Task directions » Find "He hears a noise", then copy its line and every later line of the entries exactly through the end, leaving all pictures out.

Records to process »
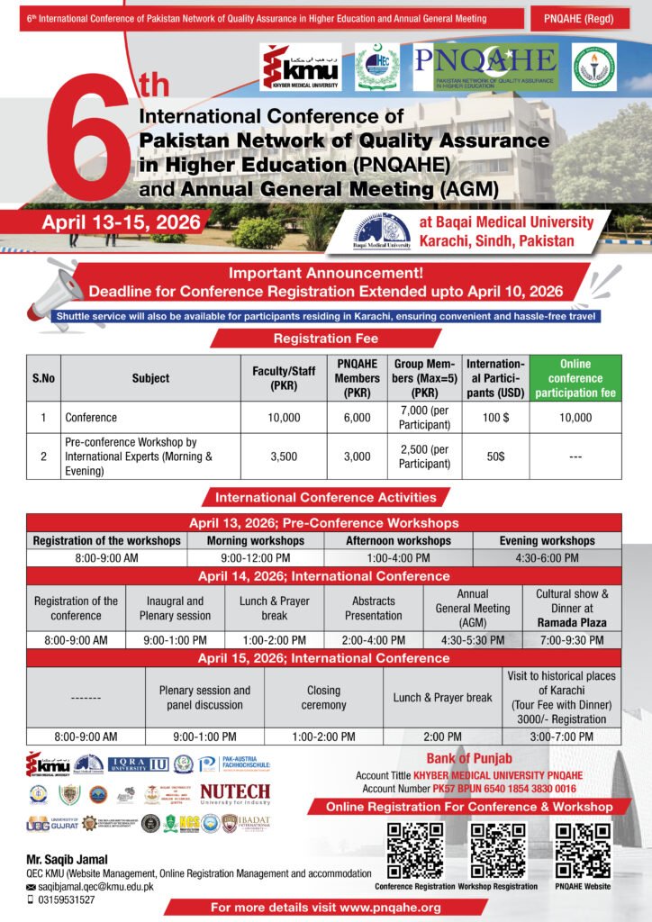 The Pakistan Network of Quality Assurance in Higher Education (PNQAHE) was founded during the 1st International Conference on "Quality Assurance in Higher Education," held on December 18-19, 2017, and hosted by Khyber Medical University (KMU) in Peshawar. KMU’s Quality Enhancement Cell (QEC) proposed PNQAHE as a platform to connect from over 250 universities across Pakistan. The initiative received strong support from both national and international participants.
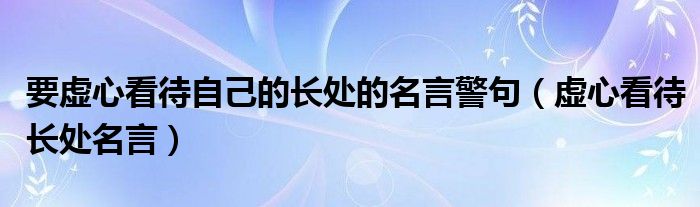 大家好,小晋来为大家解答以下问题,关于要虚心看待自己的长处的名言警句,虚心看待长处名言很多人还不知道,今天让我们一起来看看吧!
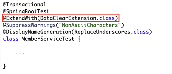 어쨌든 DatabaseCleaner를 사용하게 된다면 BeforeEachCallback을 구현했으니 테스트 메서드가 실행되기 전에 모든 데이터를 초기화하게 됩니다.
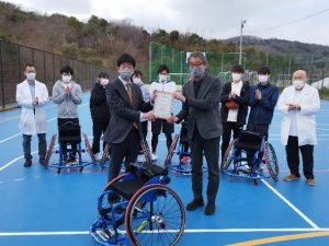 先日、車椅子バスケットボールサークルの活動について日本テレビの取材を受けました。取材では、まず車いすバスケットボール用車椅子の贈呈式が行われ、その後小原統括長、理学3年阪口君、倉田さんのインタビューがあり、練習風景の撮影が行われました。
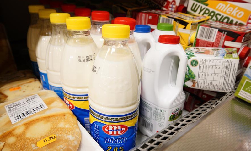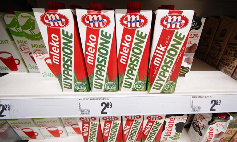 Mlekovita branded milk is seen on shelves at a supermarket in Warsaw, Poland, Nov. 5, 2020. The European Union (EU) is one of the largest milk suppliers to Chinese market, with Poland accounting for a share of 12.7%, according to Director of Polish Milk Chamber Agnieszka Maliszewska. Statistics from Poland's Ministry of Finance show that, despite the impact of COVID-19, the export of dairy products from Poland to China grew by 70% year on year in the first half of 2020. Recently, batches of Polish dairy products took freight trains to China for the occassion of Single's Day shopping festival in the country. (Photo by Jaap Arriens/Xinhua)
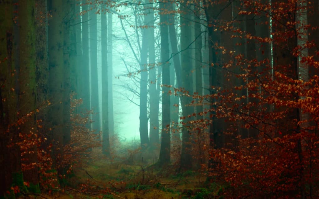 He hears a noise in the woods ahead,
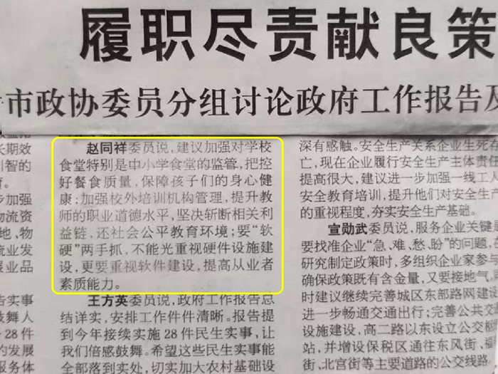 社市委《关于发展数字农业促进传统农业向现代高效农业转型发展的建议》得到市主要领导批示,李峰《关于加强基层医疗卫生机构人才队伍建设的建议》被《潍坊晚报》采访报道,赵同祥围绕加强对学校食堂的监管、加强校外培训机构管理和重视软件建设等方面在联组会的发言被《潍坊日报》《潍坊晚报》报道。

Problem solution »
 He hears a noise in the woods ahead,
 社市委《关于发展数字农业促进传统农业向现代高效农业转型发展的建议》得到市主要领导批示,李峰《关于加强基层医疗卫生机构人才队伍建设的建议》被《潍坊晚报》采访报道,赵同祥围绕加强对学校食堂的监管、加强校外培训机构管理和重视软件建设等方面在联组会的发言被《潍坊日报》《潍坊晚报》报道。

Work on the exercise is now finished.